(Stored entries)
^^^^^^^^^^^^^^^^
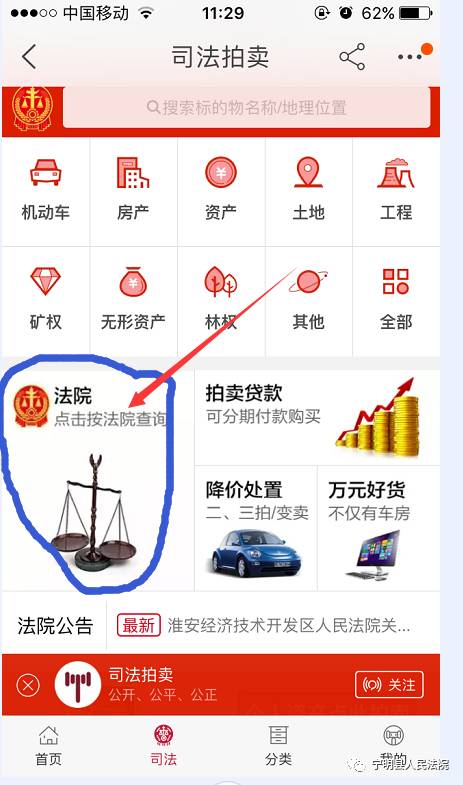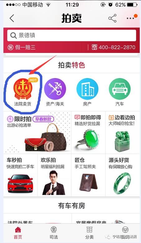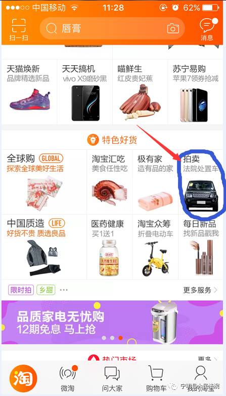打开淘宝,找到“拍卖”,如下图箭头所示!
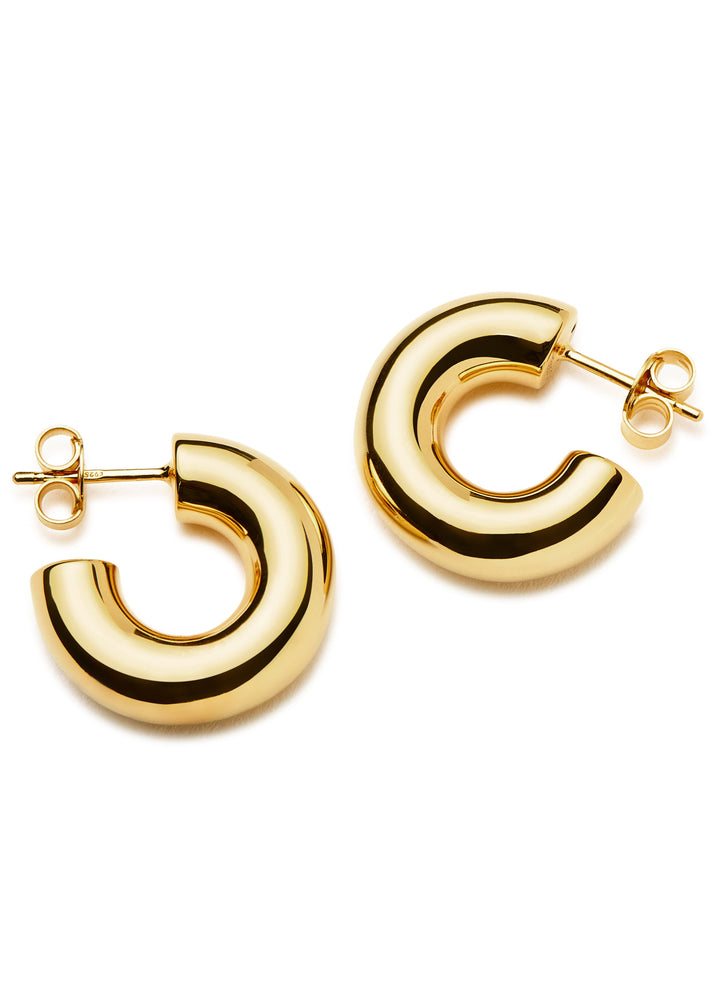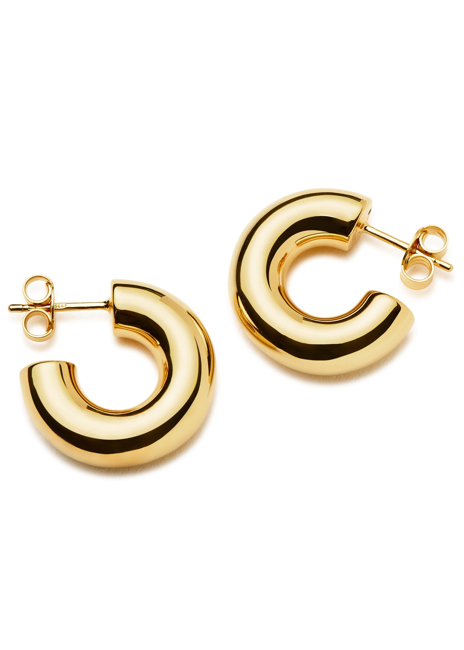These hoops are crafted from 18kt gold vermeil on sterling silver. The diameter is 26mm, the thickness is 7mm, and they are secured with a post fastening.
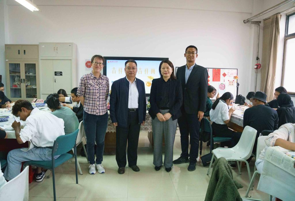 beat365教学副院长王玉亮教授与国际教育交流学院教学副院长高航教授也来到beat365书画实验室,观看学生们手工绘画,并对课程体验提出进一步发展设想。
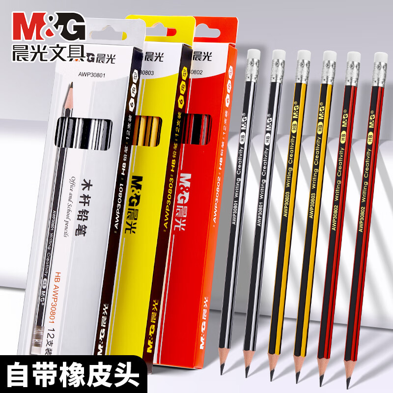 晨光AWP30801木杆铅笔HB六角杆银抽条带橡皮学生文具不易断铅
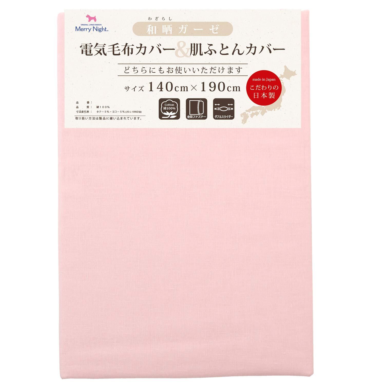 メリーナイト 毛布カバー 和晒ガーゼ 電気毛布カバー&肌布団カバー ピンク シングル 約140×190cm ダブルスライダー両開き 日本製 綿100% 吸水性 通気性 軽量 オールシーズン ふんわりやさしい肌触り 洗える DM1421-16
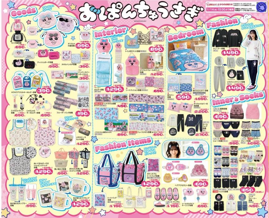 14日から、人気キャラクターの「おぱんちゅうさぎ」のグッズが多数登場しています。
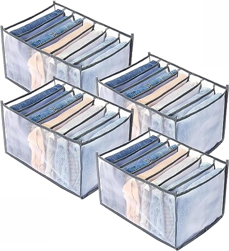 Fohome - منظم ملابس لترتيب الدولاب والأدراج والتخزين شبكي بفواصل لتنظيم البناطيل الجينز الرفيعة والبنطلونات والتيشرتات والجيب 4 قطع - 7 أقسام من فوهوم
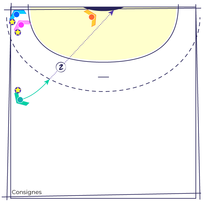 – Imposer des contraintes sur les tirs : en dehors des 9m, à rebond, roucoulettes à l’aile…
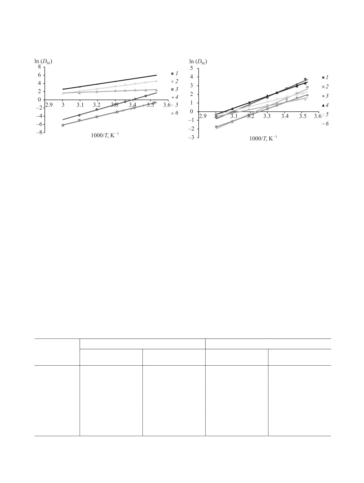 координатах ln(DM) - 1/T. Тангенсы углов наклона
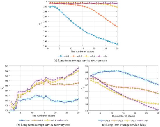 Figure 4a shows the long-term average service recovery rate Rs under different resource redundancy levels in the network. Firstly, it can be observed that Rs exhibits an overall decreasing trend as the number of attacks increases. This is because, as the number of failed nodes grows, the number of failed SFCs also increases, while the number of available destination nodes for the VNF migration decreases, thereby reducing the probability of successful SFC recovery. Secondly, Rs increases with the ε. This is because in networks with a larger ε, more node resources are available during the VNF migration, leading to a higher probability of successful SFC recovery. Finally, it can be seen that, in networks with different resource redundancy levels, the ERRRO maintains a recovery rate Rs above 0.91, demonstrating strong performance.
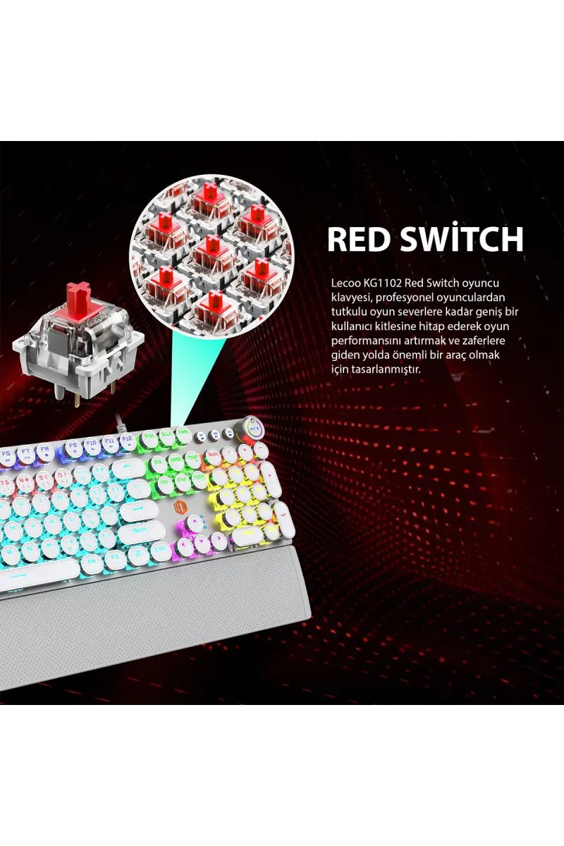 Gaming Klavye, Mekanik Klavye, RGB Klavye, Red Switch, Makro Tuşlu, Türkçe Q, Metalik Klavye, USB Klavye, Oyuncu Klavyesi, KG1102
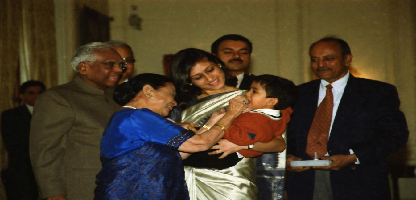 The President of India, Shri K R Narayanan inaugurating the National Pulse Polio Programme by Administering Polio Drops to the Children at the Yellow Drawing of Rashtrapati Bhavan in New Delhi on Dec 01, 2001
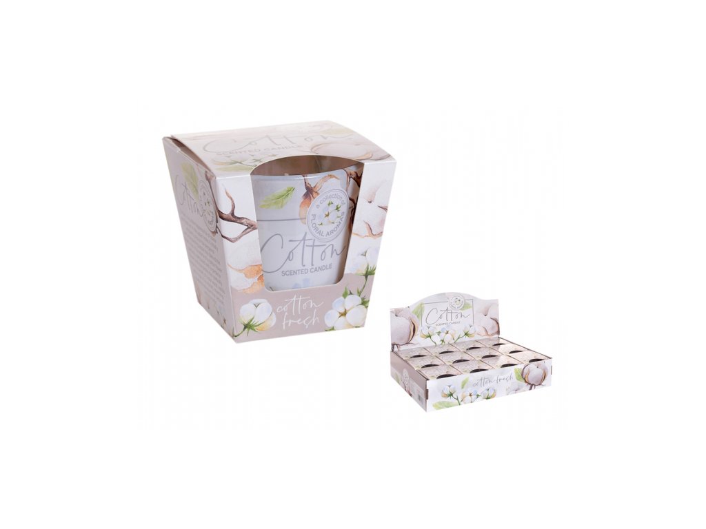 Vonná svíčka ve skle s jemným potiskem a svěží vůní bavlny. Doba hoření: 30 hodin. Výška: 8 cm, šířka: 9 cm.Doplňkové parametry
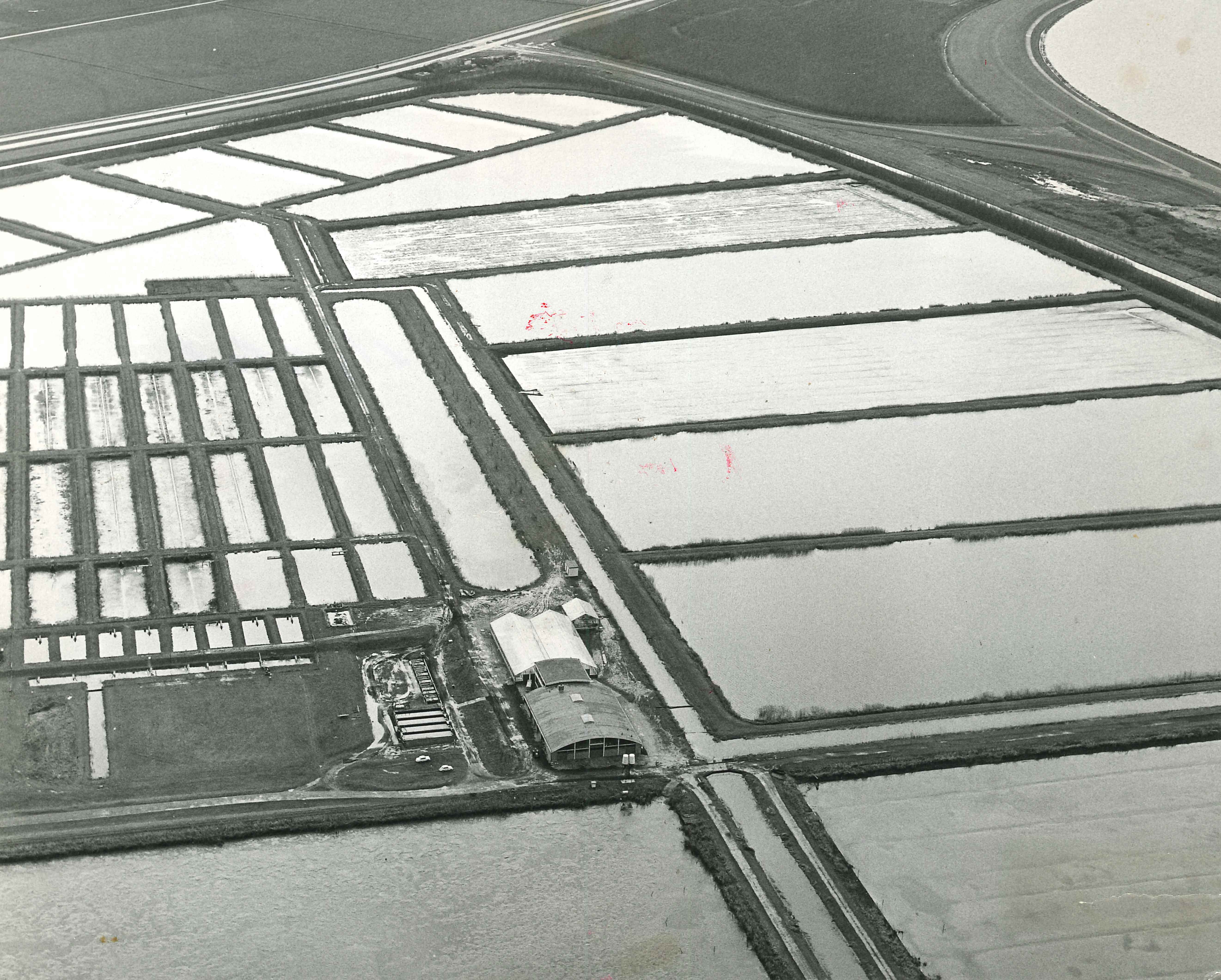 Luchtfoto van de voormalige OVB-viskwekerij nabij Lelystad.
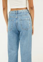 Calça Zinco Reta Cós Alto Bordado Manual Jeans
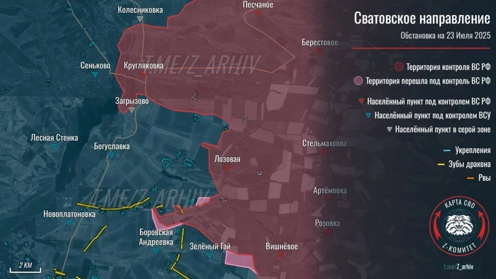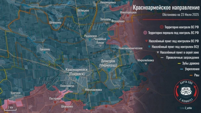 На Покровском направлении фиксируется продвижение между Орехово и Алексеевкой, идут бои за Котлино и в районе Леонтовичей, Удачного, Шевченко. Зверево в серой зоне.
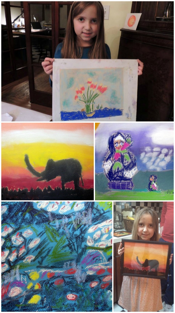 Every year Emma’s art teacher, Heidi Mayo, coordinates an annual art exhibit to showcase the incredible talents of her young students! As part of that exhibit each year, every one of Heidi’s students also creates and donates a pastel painting that gets auctioned off at the art exhibit opening party to benefit a very worthy cause!
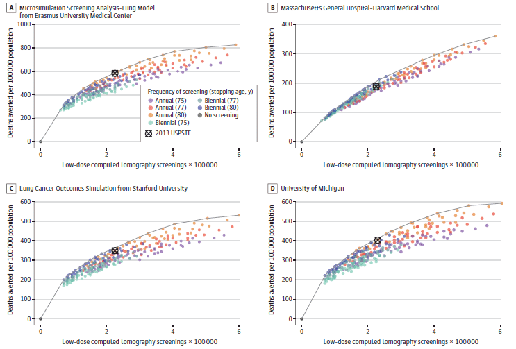 b Individuals were followed up from aged 45 to 90 years. The 4 models were the Microsimulation Screening Analysis-Lung Model from Erasmus University Medical Center, the Massachusetts General Hospital–Harvard Medical School (MGH-HMS) model, the Lung Cancer Outcomes Simulation model from Stanford University, and the University of Michigan (UM) model.
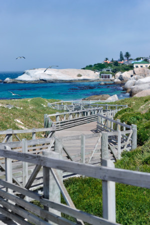 Und dabei kommen sich die Beiden immer weider in die Quere. Die meisten Menschen sind zwar völlig begeistert von den kleinen Gesellen, das heißt besonders die Besucher, die extra wegen der Tiere nach Boulders kommen. Diejenigen aber, die in der Nähe von Boulders leben, sehen das Zuammenleben mit den Pinguinen kritischer, denn die Vögel sind laut und hinterlassen auf ihren Wanderungen durch die Gärten der Menschen sogar in Simon´s Town ihren übel riechenden Kot. Und auch die Pinguine mögen es gar nicht, wenn man sie in ihren Höhlen oder Nestern stört und wenn die Menschen um sie herum zu laut sind. Damit die Brillenpinguin-Kolonie in Boulders geschützt leben kann, wurde Boulders zum Teil des Table Mountain National Parks erklärt. Über Stege kann man die Tiere dort, wo sie leben und brüten gut erreichen und sie von den Stegen aus auch beobachten.
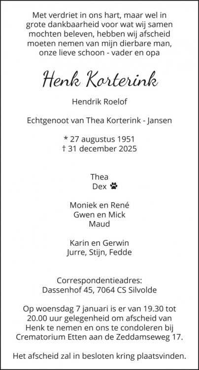 Henk Korterink is de kleinzoon van Hendrikus Korterink die machinist was op de tramlijn. Hij was o.a. machinist van de Silvolde 13.
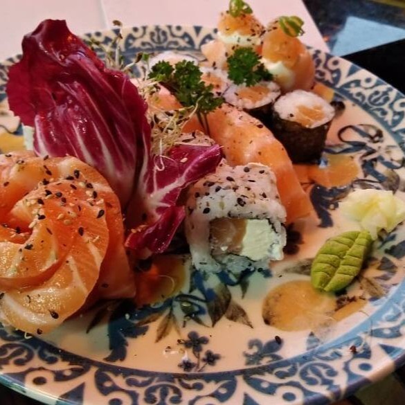12 sashimi, 16 uramaki, 12 hossomaki, 8 niguiri e 8 joy
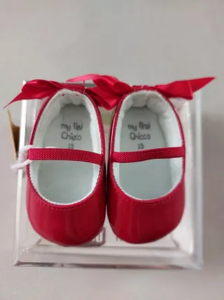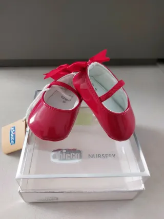Deliziose scarpine modello ballerine per neonata, colore rosso effetto vernice. Solo la scatola è rotta ma le scarpine sono nuove. - Marca: Chicco - Taglia: 15 - Dettaglio fiocco rosso sul retro. - Finitura lucida
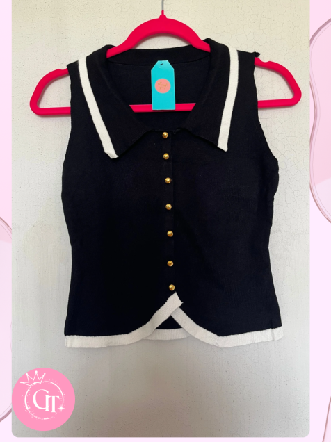 Hermosa blusa tipo polo, manga corta con botones dorados
^^^^^^^^^^^^^^^^
YOUR INSTRUCTIONS
The copy should hold only the lines from the one with "beat365教学副院长王玉" through the one with "Gaming Klavye, Mekanik", exactly as they stand above. Leave out the pictures.

ANSWER BELOW
 beat365教学副院长王玉亮教授与国际教育交流学院教学副院长高航教授也来到beat365书画实验室,观看学生们手工绘画,并对课程体验提出进一步发展设想。
 晨光AWP30801木杆铅笔HB六角杆银抽条带橡皮学生文具不易断铅
 メリーナイト 毛布カバー 和晒ガーゼ 電気毛布カバー&肌布団カバー ピンク シングル 約140×190cm ダブルスライダー両開き 日本製 綿100% 吸水性 通気性 軽量 オールシーズン ふんわりやさしい肌触り 洗える DM1421-16
 14日から、人気キャラクターの「おぱんちゅうさぎ」のグッズが多数登場しています。
 Fohome - منظم ملابس لترتيب الدولاب والأدراج والتخزين شبكي بفواصل لتنظيم البناطيل الجينز الرفيعة والبنطلونات والتيشرتات والجيب 4 قطع - 7 أقسام من فوهوم
 – Imposer des contraintes sur les tirs : en dehors des 9m, à rebond, roucoulettes à l’aile…
 координатах ln(DM) - 1/T. Тангенсы углов наклона
 Figure 4a shows the long-term average service recovery rate Rs under different resource redundancy levels in the network. Firstly, it can be observed that Rs exhibits an overall decreasing trend as the number of attacks increases. This is because, as the number of failed nodes grows, the number of failed SFCs also increases, while the number of available destination nodes for the VNF migration decreases, thereby reducing the probability of successful SFC recovery. Secondly, Rs increases with the ε. This is because in networks with a larger ε, more node resources are available during the VNF migration, leading to a higher probability of successful SFC recovery. Finally, it can be seen that, in networks with different resource redundancy levels, the ERRRO maintains a recovery rate Rs above 0.91, demonstrating strong performance.
 Gaming Klavye, Mekanik Klavye, RGB Klavye, Red Switch, Makro Tuşlu, Türkçe Q, Metalik Klavye, USB Klavye, Oyuncu Klavyesi, KG1102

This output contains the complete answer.